=== Begin Enclosure ===
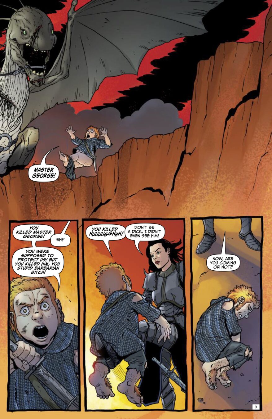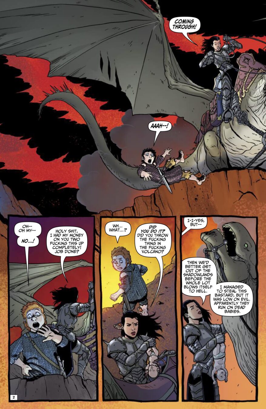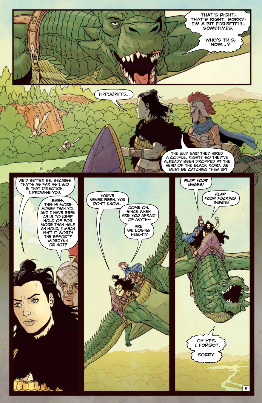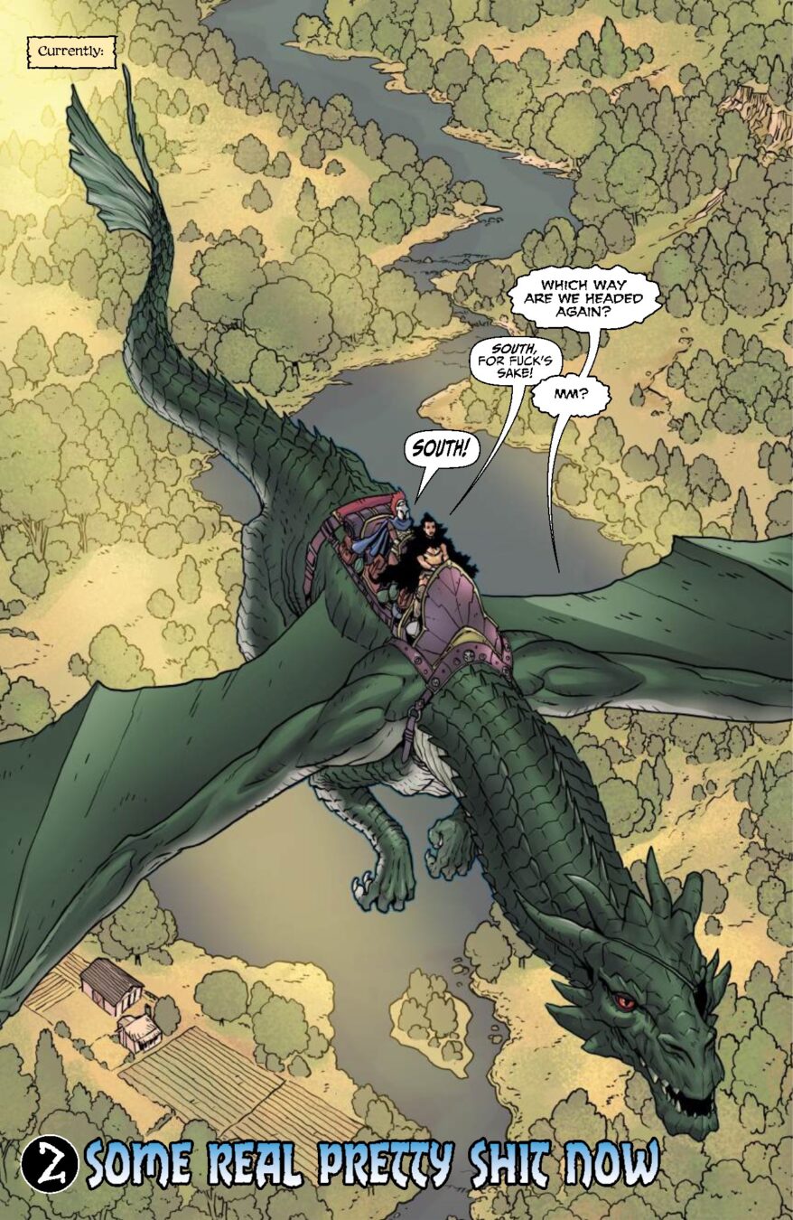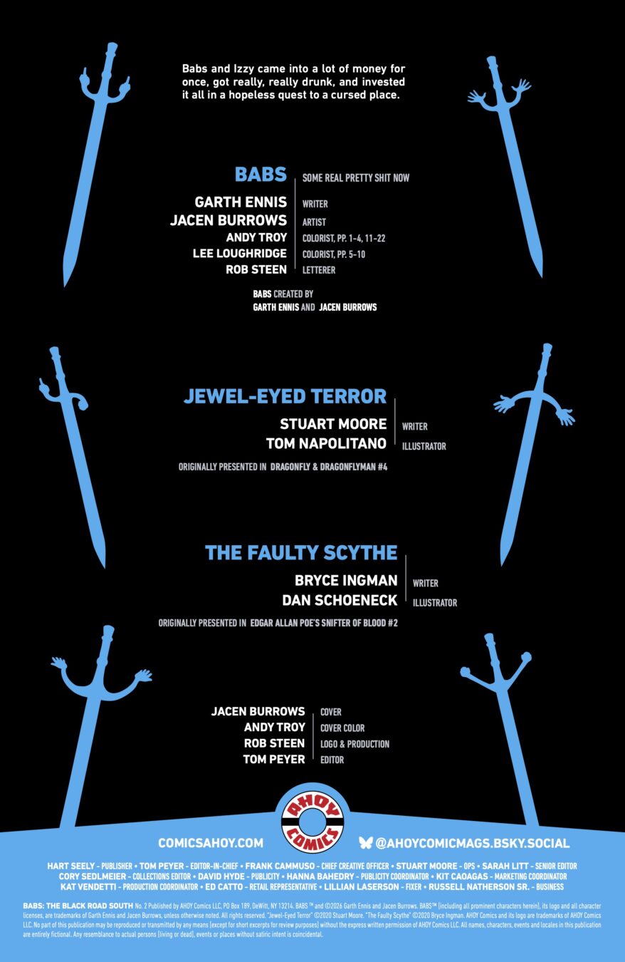 The sword-and-sorcery chaos machine from Garth Ennis and Jacen Burrows (yeah, those mad geniuses behind Crossed and Get Fury) keeps roaring forward, louder, sharper, and way more unhinged. On a no-turning-back quest to reclaim a seriously big pile of treasure, fearless swordswoman Babs and her ride-or-die partner Izzy saddle up with the most emotionally exhausted hired dragon you’ve ever met and head straight down the Black Road South.
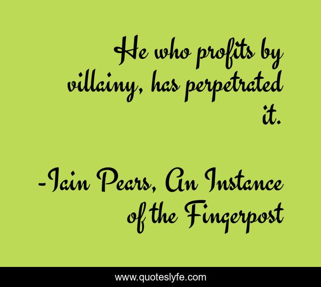 "Iain Pears, An Instance of the Fingerpost Quotes." Quoteslyfe.com, 2025. Mon. 08 Dec. 2025. <https://www.quoteslyfe.com/quote/He-who-profits-by-villainy-has-perpetrated-154103>.
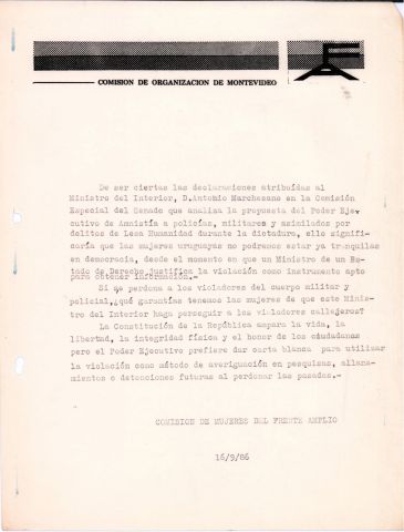 Declaración de la Comisión de Mujeres del Frente Amplio, en la que abordan las declaraciones del Ministro del Interior, Antonio Marchesano en el que consideró que la violación a detenidas estaba comprendida dentro de la ley de amnistía propuesta por Julio María Sanguinetti.
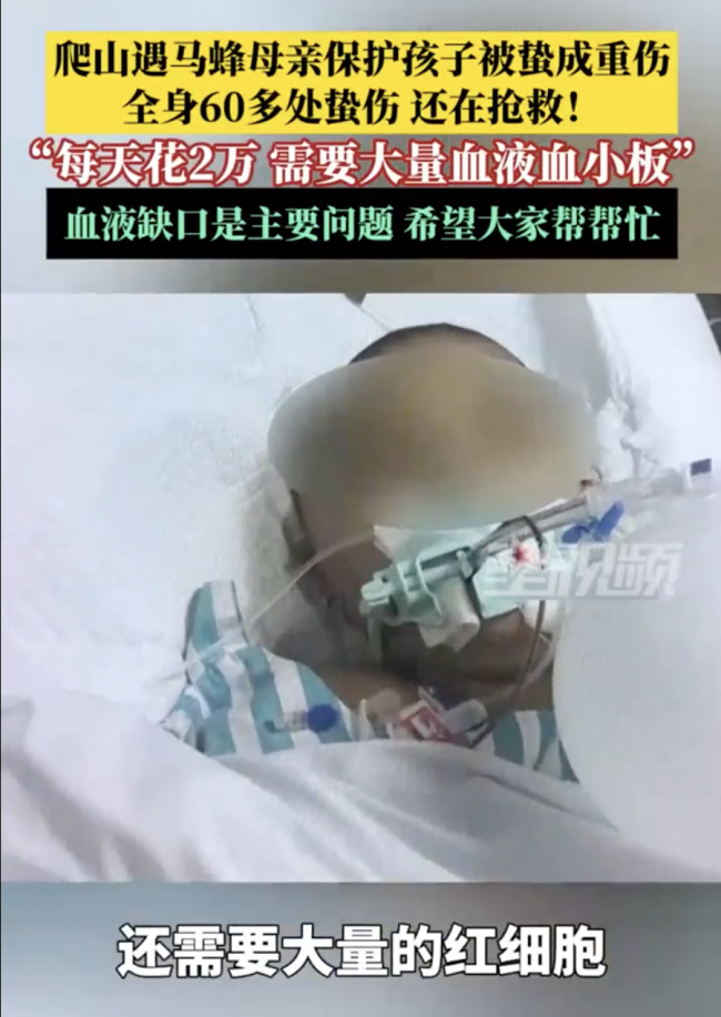 妈妈为保护儿子被马蜂蛰60多针!妈妈为保护儿子被马蜂蛰60多针。近日,重庆,彭先生一家去爬山遇马蜂,妻子谭小丽为保护9岁儿子被蛰成重伤陷入昏迷,还在重症监护室抢救。因为病情危重,随时有生命危险,谭小丽需要大量血浆置换治疗,用血需求大。彭先生向广大市民求助,有爱心人士愿意献...
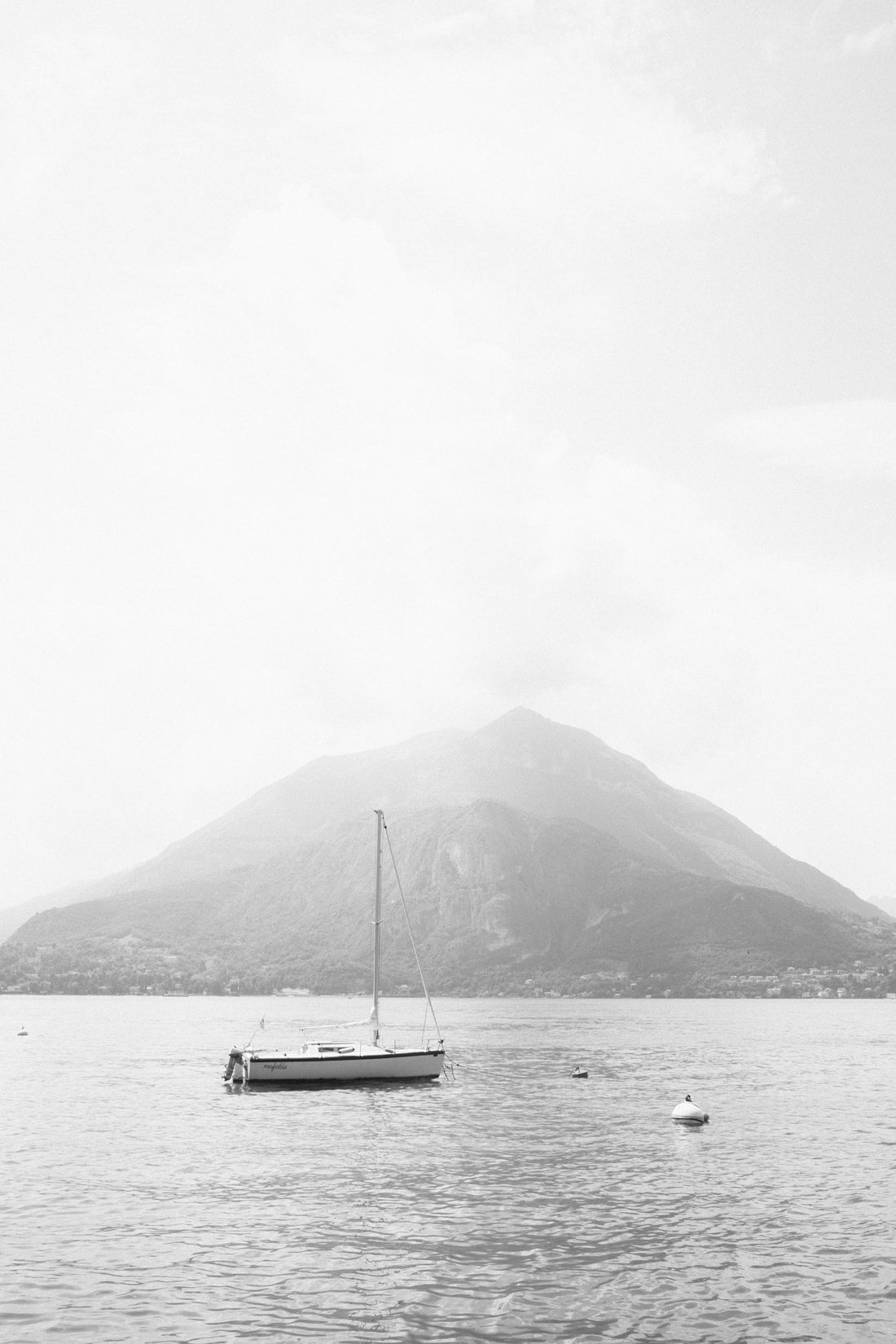 Moored in Lake Como a sail boat is swallowed by the haze, a peaceful scene...
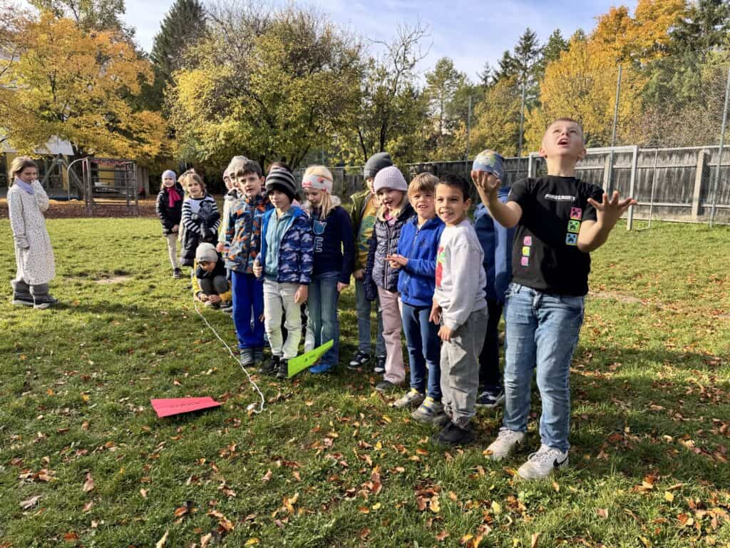 Die Kinder der 1. Klassen experimentieren mit einem Wollfaden. weiterlesen »
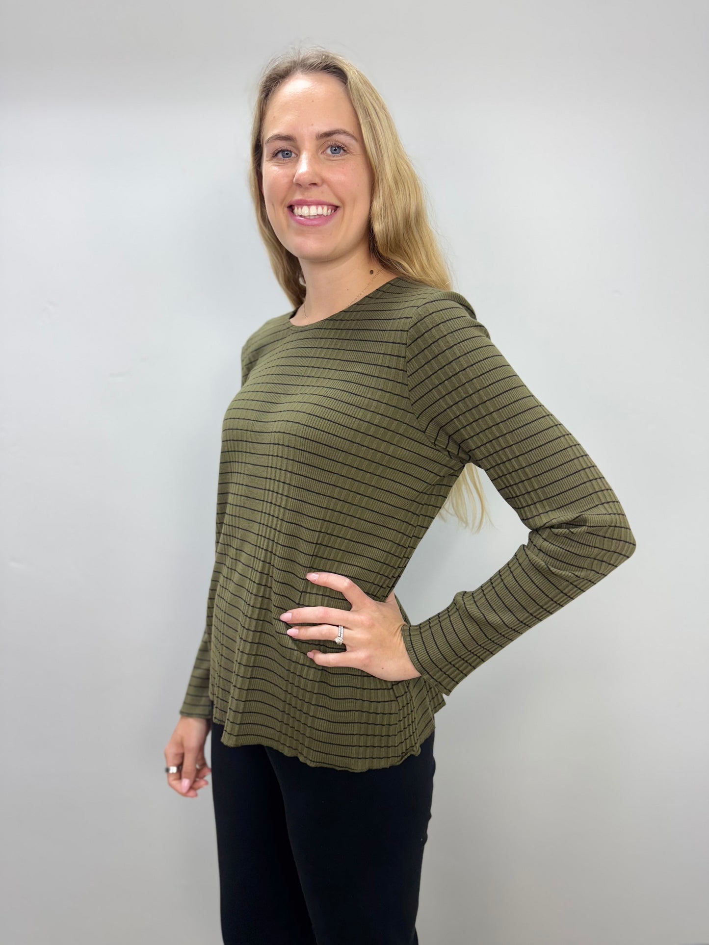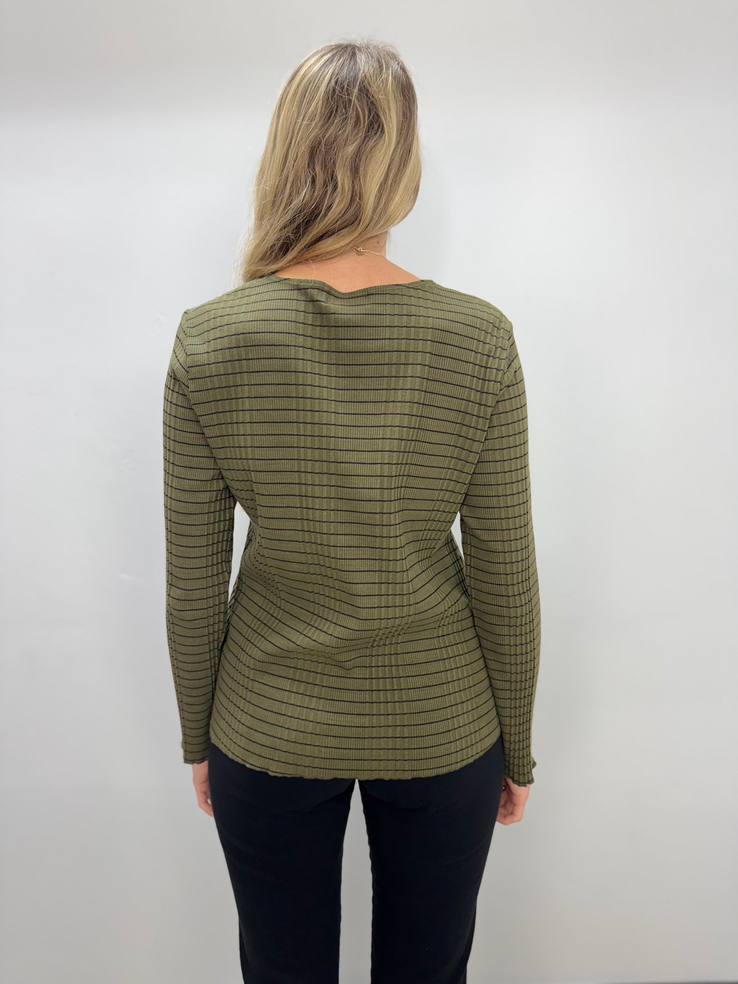 Olive Green Stripe Textured Top
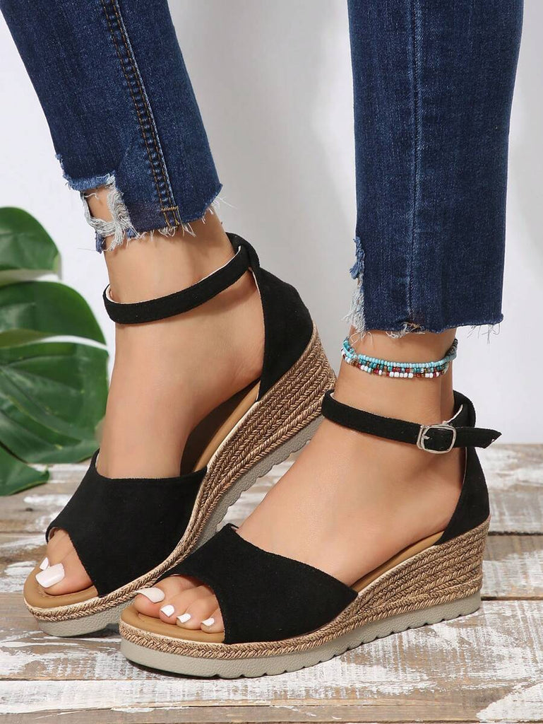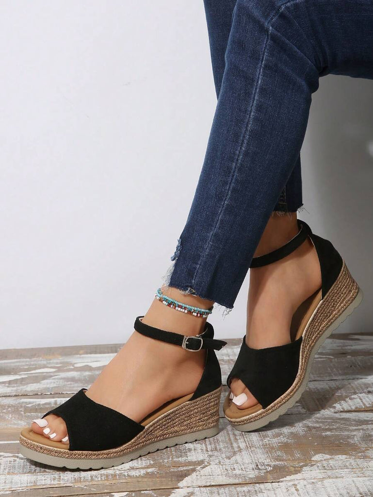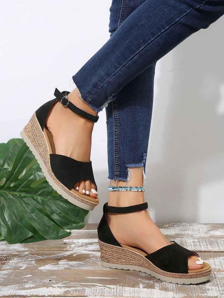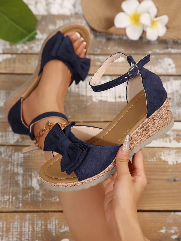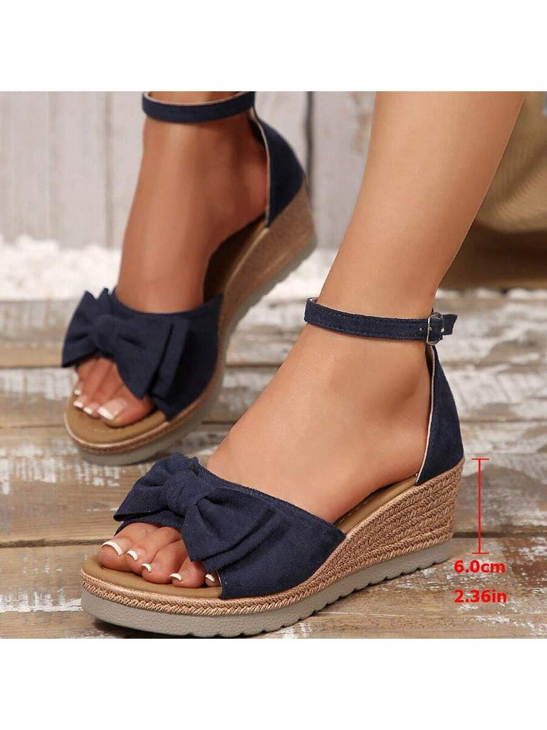 Women's Wedge Sandals With Bow And Espadrille Design - Ideal For Casual Outings
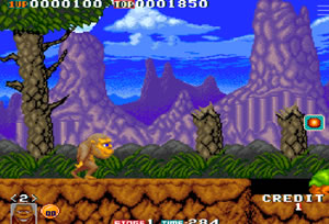 마법사의 저주를 받아 인간에서 원숭이가 되버린 전사가 원래대로 돌아가기 위해 마법사를 찾아가는 여정을 담은 토키입니다.횡스크롤로 진행하면서 입에서 발사되는 총알로 몬스터를 제거해나가면 되는데 아이템을 먹으면 총알의 성능이 바뀌면서 좀더 간단히 적을 제압할수 있게 됩니다.쉬우 보이지만 은근 까다로운 감이 없지않아 있습니다.
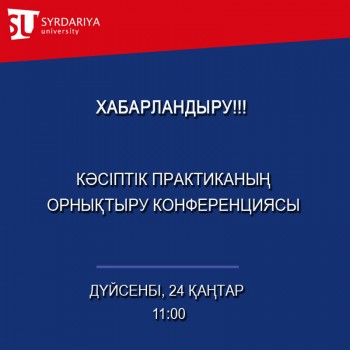 «Сырдария» университетінде 24 қаңтар 2022 жылы сағ: 11:00. 4 курс студенттерімен кәсіптік практиканы ұйымдастыру және бағыт бағдар беру мақсатында орнықтыру конференциясы өтеді.
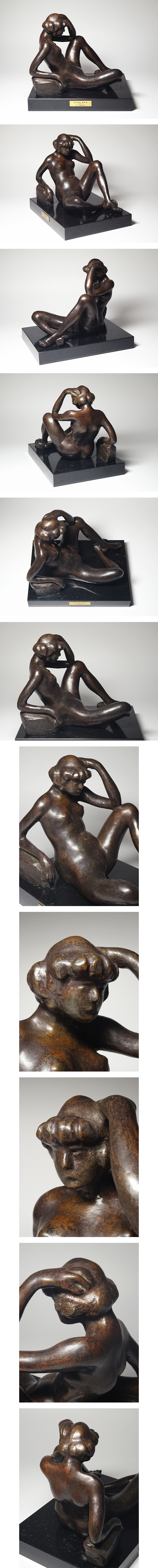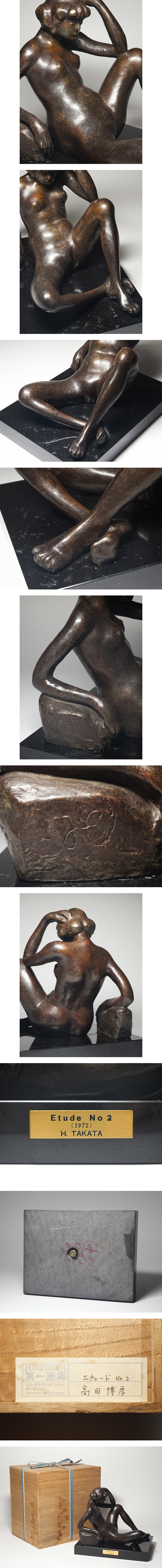 本物保証!         高村光太郎との出会いから彫刻家を志し、昭和6年(1931年)に妻子を残し単身渡仏。  ロダンやマイヨールら巨匠彫刻家の影響を受けると共に、ロマン・ロランやアラン(エミール=オーギュスト・シャルティエ)、ルオーら一流思想家や芸術家らと交流を持ちながら創作活動を行い、昭和32年(1957年)に帰国。  帰国後は鎌倉にアトリエを構えて創作活動を続けた戦後の具象彫刻を代表する彫刻家【高田博厚】(1900-1987)作。   ブロンズ製の裸婦像『Etude No.2』です。   1972年に発表された作品です。         妖艶な表情を浮かべる裸婦の奔放な姿が表現された秀逸作品。         作品プレートが付いたオリジナルの大理石台座付き。   岩手県盛岡市にあった「MORIOKA第一画廊」にて販売された作品で、同店が誂えた桐箱付き。         総じて目立つような傷みは無くとても良好な状態です。          正真正銘本物保証!
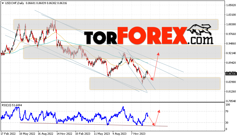 Дополнительным сигналом в пользу роста валютной пары Доллар Франк выступит тест линии тренда на индикаторе относительной силы (RSI). Вторым сигналом станет отскок от верхней границы нисходящего канала. Отменой варианта подъёма USD/CHF станет падение и пробой области 0.8145. Это укажет на пробой области поддержки и продолжение падения пары на Форекс с целью ниже области 0.7865. Подтверждением росту пары на текущей торговой неделе 29 января — 2 февраля 2024 выступит пробой области сопротивления и закрытие котировок выше уровня 0.8975, что укажет на пробой верхней границы нисходящего канала.
=== End Enclosure ===
* _DESCRIPTION OF THE TASK_
The exact lines from the beginning of the data through the one that contains "орнықтыру конференциясы өтеді." must be given again, both ends included, and pictures must be left out.

* _SOLUTION TO THE PROBLEM_
 The sword-and-sorcery chaos machine from Garth Ennis and Jacen Burrows (yeah, those mad geniuses behind Crossed and Get Fury) keeps roaring forward, louder, sharper, and way more unhinged. On a no-turning-back quest to reclaim a seriously big pile of treasure, fearless swordswoman Babs and her ride-or-die partner Izzy saddle up with the most emotionally exhausted hired dragon you’ve ever met and head straight down the Black Road South.
 "Iain Pears, An Instance of the Fingerpost Quotes." Quoteslyfe.com, 2025. Mon. 08 Dec. 2025. <https://www.quoteslyfe.com/quote/He-who-profits-by-villainy-has-perpetrated-154103>.
 Declaración de la Comisión de Mujeres del Frente Amplio, en la que abordan las declaraciones del Ministro del Interior, Antonio Marchesano en el que consideró que la violación a detenidas estaba comprendida dentro de la ley de amnistía propuesta por Julio María Sanguinetti.
 妈妈为保护儿子被马蜂蛰60多针!妈妈为保护儿子被马蜂蛰60多针。近日,重庆,彭先生一家去爬山遇马蜂,妻子谭小丽为保护9岁儿子被蛰成重伤陷入昏迷,还在重症监护室抢救。因为病情危重,随时有生命危险,谭小丽需要大量血浆置换治疗,用血需求大。彭先生向广大市民求助,有爱心人士愿意献...
 Moored in Lake Como a sail boat is swallowed by the haze, a peaceful scene...
 Die Kinder der 1. Klassen experimentieren mit einem Wollfaden. weiterlesen »
 Olive Green Stripe Textured Top
 Women's Wedge Sandals With Bow And Espadrille Design - Ideal For Casual Outings
 마법사의 저주를 받아 인간에서 원숭이가 되버린 전사가 원래대로 돌아가기 위해 마법사를 찾아가는 여정을 담은 토키입니다.횡스크롤로 진행하면서 입에서 발사되는 총알로 몬스터를 제거해나가면 되는데 아이템을 먹으면 총알의 성능이 바뀌면서 좀더 간단히 적을 제압할수 있게 됩니다.쉬우 보이지만 은근 까다로운 감이 없지않아 있습니다.
 «Сырдария» университетінде 24 қаңтар 2022 жылы сағ: 11:00. 4 курс студенттерімен кәсіптік практиканы ұйымдастыру және бағыт бағдар беру мақсатында орнықтыру конференциясы өтеді.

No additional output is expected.